Bewegung will der Vorstand der Lebenshilfe auch in die stockenden Verhandlungen für ein SPZ in Kaufbeuren bringen (wir berichteten). Die im April gestartete Online-Petition, die noch immer unterstützt werden kann, wurde bereits im Landtag eingereicht, nun wird auf die Antwort des Berufungsausschusses gewartet. „Es ist für uns völlig klar, dass wir diesen Weg gehen“, sagt Grath. „Dass es den Bedarf gibt, kann nicht infrage gestellt werden.“ Die Versorgungssituation sei wegen der extremen Wartezeiten, so Neumayer, schlichtweg katastrophal. Darunter zu leiden hätten die betroffenen Kinder und Jugendlichen und deren Familien. „Es ist ein Thema, das die Öffentlichkeit bewegt“, so die Allgäuer Bundestagsabgeordnete Susanne Ferschl (Linke). Für die Familien mit Kindern, die auf zeitnahe Hilfe angewiesen wären, sei dies eine „Tortur“.

Lebenshilfe im Wandel: Bundestagsvizepräsidentin Petra Pau (Mitte) und ihre Kollegin Susanne Ferschl tauschten sich beim Rundgang mit Werkstattleiter Jürgen Chmiel darüber aus, wie Inklusion gelingen kann.

Menschen eine Chance geben

600 Mitarbeiter mit Behinderung sind in der Lebenshilfe in verschiedensten Bereichen tätig. Bei einem Rundgang vor Ort konnte die Bundestagsvizepräsidentin einen Einblick in die Wirkungsstätte der Beschäftigten gewinnen. Ob Biomanufaktur, Café oder Schreinerei – das Arbeitsangebot sei laut Werkstattleiter Jürgen Chmiel denkbar vielfältig. Die beiden Wäschereien in Neugablonz und Marktoberdorf zum Beispiel erfreuten sich einer guten Auftragslage und könnten auch hier „durch Qualität überzeugen“, so Chmiel. Doch nicht immer gelinge die Integration in die Betriebe so einfach. Sie sei mitunter mit Rückschlägen verbunden. Oft gebe es Berührungsängste, die es abzubauen gelte. Hierzu brauche es „bessere Rahmenbedingungen und eine Erleichterung der Zugangswege“, fand Chmiel. „Der Arbeitsmarkt ist noch exklusiv – wir tragen unseren Teil dazu bei, damit sich der Weg öffnet.“

Nötig hierfür seien Kooperationspartner, die den Menschen eine „ehrliche Chance“ geben. Handlungsbedarf sah auch Geschäftsführer Ralf Grath: So müssten dringend Inklusionsbetriebe umgesetzt werden, um die Menschen auf Außenarbeitsplätze vermitteln zu können.
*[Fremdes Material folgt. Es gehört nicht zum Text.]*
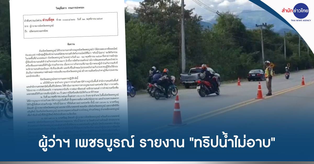 กทม. 25 พ.ย.-ผู้ว่าฯ เพชรบูรณ์ ทำหนังสือถึงปลัดมหาดไทย รายงานผลจับกุมดำเนินคดี-ตักเตือน “ทริปน้ำไม่อาบ” พบผิด วินัยจราจร-ยาเสพติดอื้อ
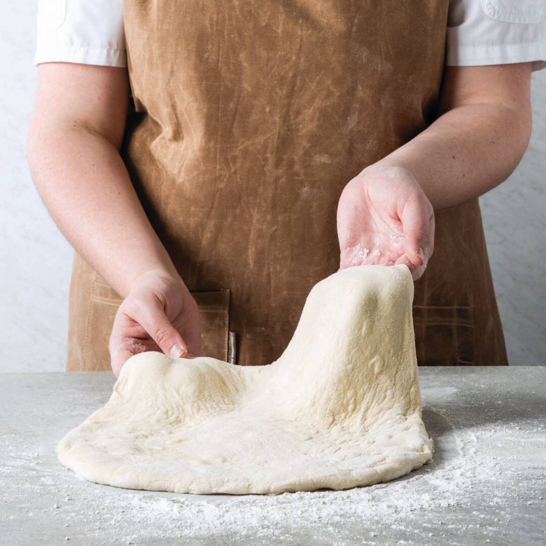 Rolling pizza dough smashes the air bubbles that were created when the dough was rising. This will create a flat, cardboardlike crust. Gently stretching your dough by hand will keep that air intact, creating a chewy crust that puffs in the oven. Place the risen dough on a lightly floured surface, and with floured hands, hold the edge of the dough and pull gently from the center. Alternately, form your hands in fists, drape the dough over your fists, and gently pull the dough out from the center. Rotate the dough as you stretch until you’ve reached your desired size.

Es sei ein „schwieriger Weg bis zur Normalität“, aber der Veränderungsbedarf könne nicht ignoriert werden, so Neumayer. Dazu bedarf es einer Bereitschaft zur Veränderung, schloss sich Ferschl an. Als „sinnstiftend“ bezeichnete Pau die Arbeit der Lebenshilfe. Inklusion sei ein wichtiges Thema; schließlich habe „jeder das Recht, sich zu entfalten, seinen Platz in der Gesellschaft zu finden“, betonte Pau. „Die Würde des Menschen ist unantastbar – eine Maxime, nach der wir alle leben sollten“, so der Appell der Bundestagsvizepräsidentin.